[Input]
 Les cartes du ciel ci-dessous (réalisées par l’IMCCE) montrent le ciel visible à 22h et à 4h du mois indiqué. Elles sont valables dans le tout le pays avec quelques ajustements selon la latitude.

* * *

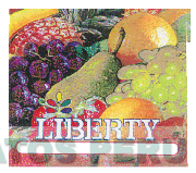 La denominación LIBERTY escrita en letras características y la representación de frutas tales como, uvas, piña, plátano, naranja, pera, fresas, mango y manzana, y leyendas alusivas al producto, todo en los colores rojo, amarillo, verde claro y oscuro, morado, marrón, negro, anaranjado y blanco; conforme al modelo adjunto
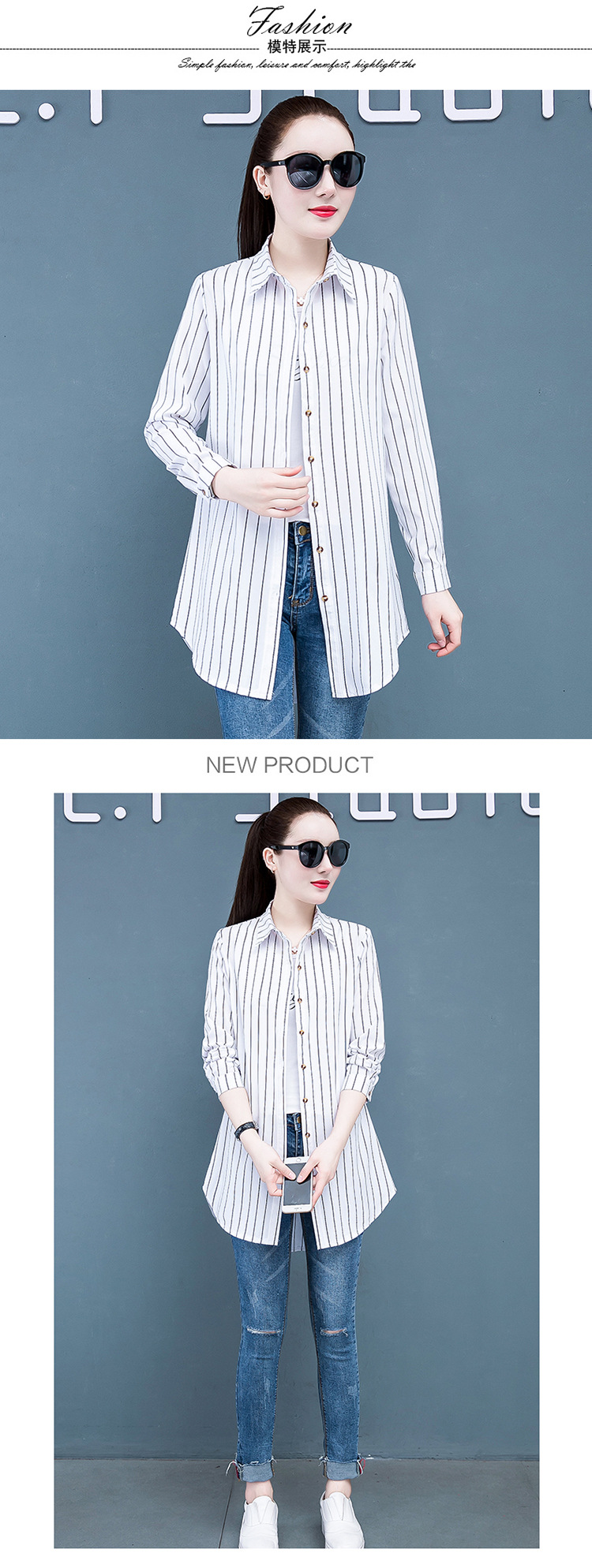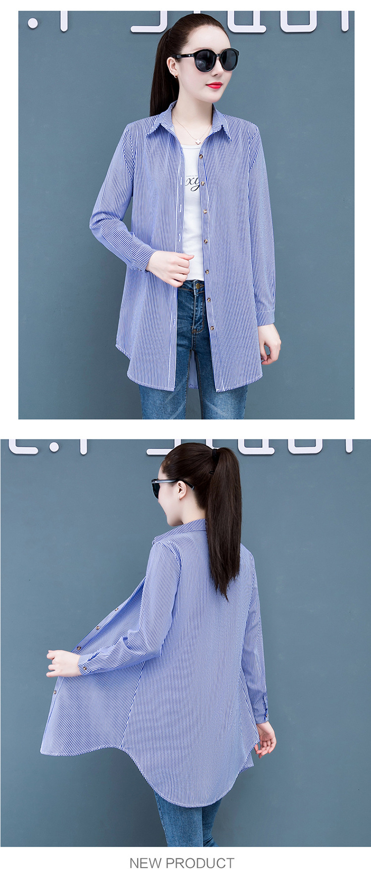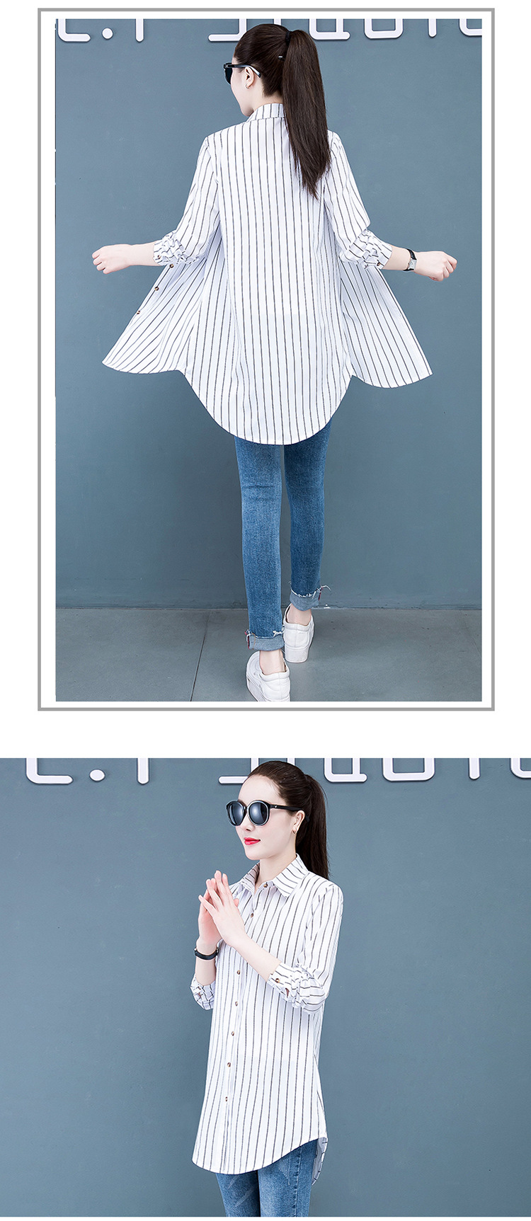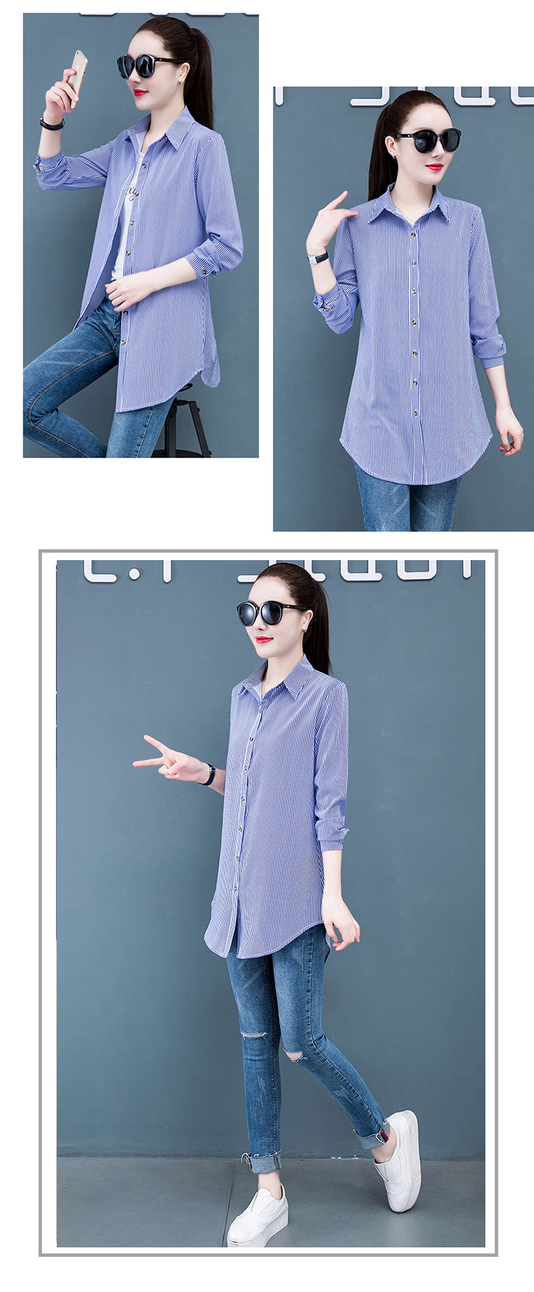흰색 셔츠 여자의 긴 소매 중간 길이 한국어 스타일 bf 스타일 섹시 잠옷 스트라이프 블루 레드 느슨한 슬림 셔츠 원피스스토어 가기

...

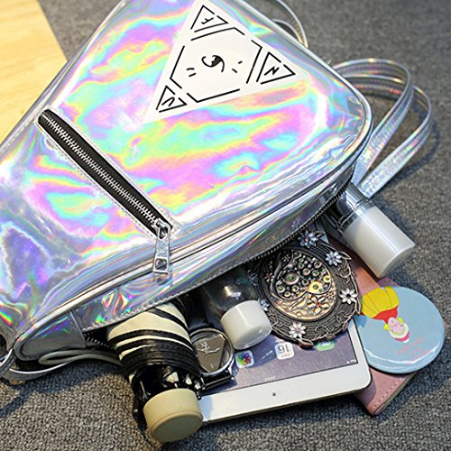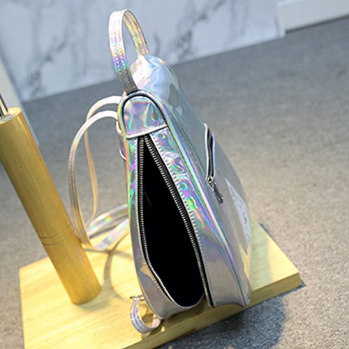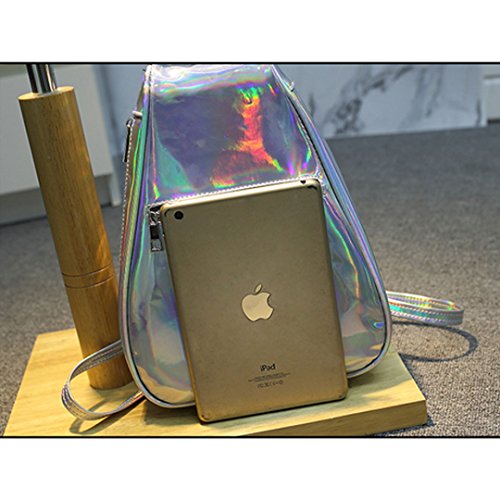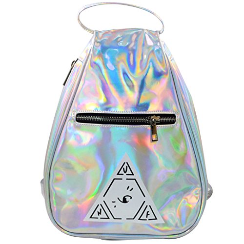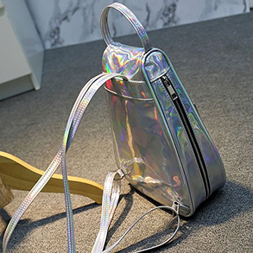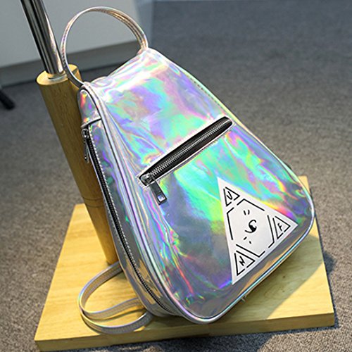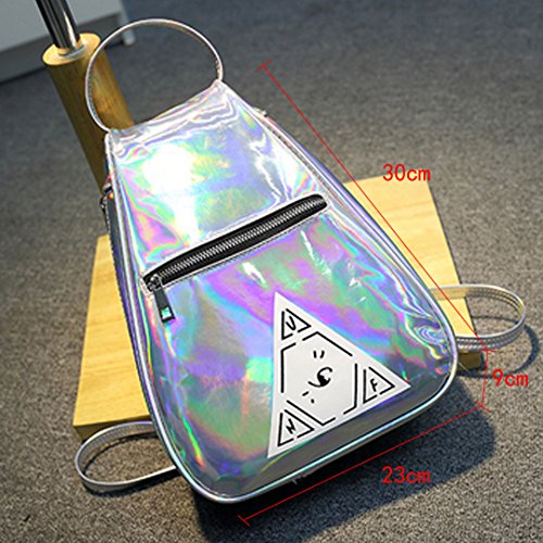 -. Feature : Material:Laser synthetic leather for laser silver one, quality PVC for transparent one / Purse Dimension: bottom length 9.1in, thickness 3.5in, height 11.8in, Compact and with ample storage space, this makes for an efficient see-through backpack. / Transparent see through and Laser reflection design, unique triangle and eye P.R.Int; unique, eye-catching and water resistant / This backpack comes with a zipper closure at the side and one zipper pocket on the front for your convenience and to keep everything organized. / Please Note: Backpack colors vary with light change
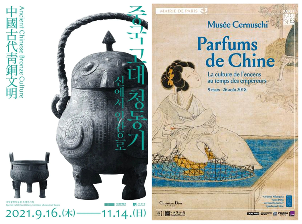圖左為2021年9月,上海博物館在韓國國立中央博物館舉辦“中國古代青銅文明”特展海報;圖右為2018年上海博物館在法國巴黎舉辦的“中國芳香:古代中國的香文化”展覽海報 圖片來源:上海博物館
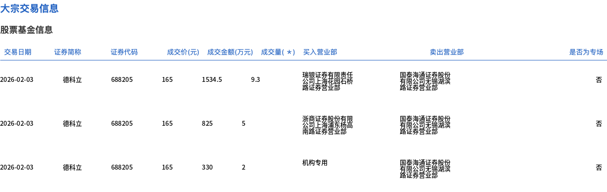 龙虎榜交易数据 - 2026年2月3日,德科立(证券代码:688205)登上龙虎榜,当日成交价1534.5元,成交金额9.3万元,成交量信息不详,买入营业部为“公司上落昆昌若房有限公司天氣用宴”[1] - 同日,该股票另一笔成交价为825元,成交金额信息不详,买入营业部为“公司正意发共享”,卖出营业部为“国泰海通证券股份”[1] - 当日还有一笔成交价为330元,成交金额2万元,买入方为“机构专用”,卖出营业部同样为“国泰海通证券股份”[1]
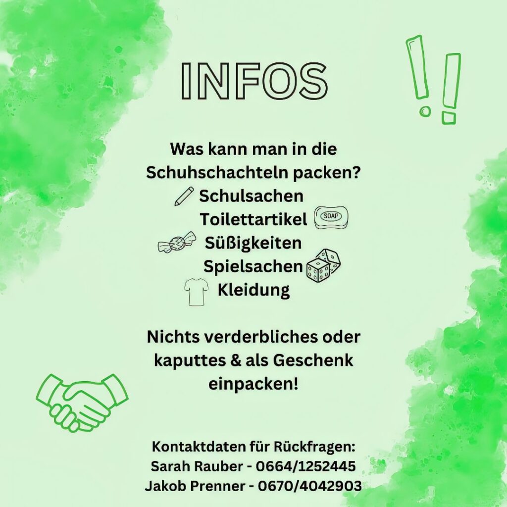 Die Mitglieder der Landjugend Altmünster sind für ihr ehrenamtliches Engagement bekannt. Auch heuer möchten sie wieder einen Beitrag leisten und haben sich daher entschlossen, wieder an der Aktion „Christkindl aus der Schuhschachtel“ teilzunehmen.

[Activity] Exercise for the records above: copy only the lines from the one with "La denominación LIBERTY" to the one with "흰색 셔츠 여자의 긴", both ends kept, and drop the pictures.

[Task response]
 La denominación LIBERTY escrita en letras características y la representación de frutas tales como, uvas, piña, plátano, naranja, pera, fresas, mango y manzana, y leyendas alusivas al producto, todo en los colores rojo, amarillo, verde claro y oscuro, morado, marrón, negro, anaranjado y blanco; conforme al modelo adjunto
흰색 셔츠 여자의 긴 소매 중간 길이 한국어 스타일 bf 스타일 섹시 잠옷 스트라이프 블루 레드 느슨한 슬림 셔츠 원피스스토어 가기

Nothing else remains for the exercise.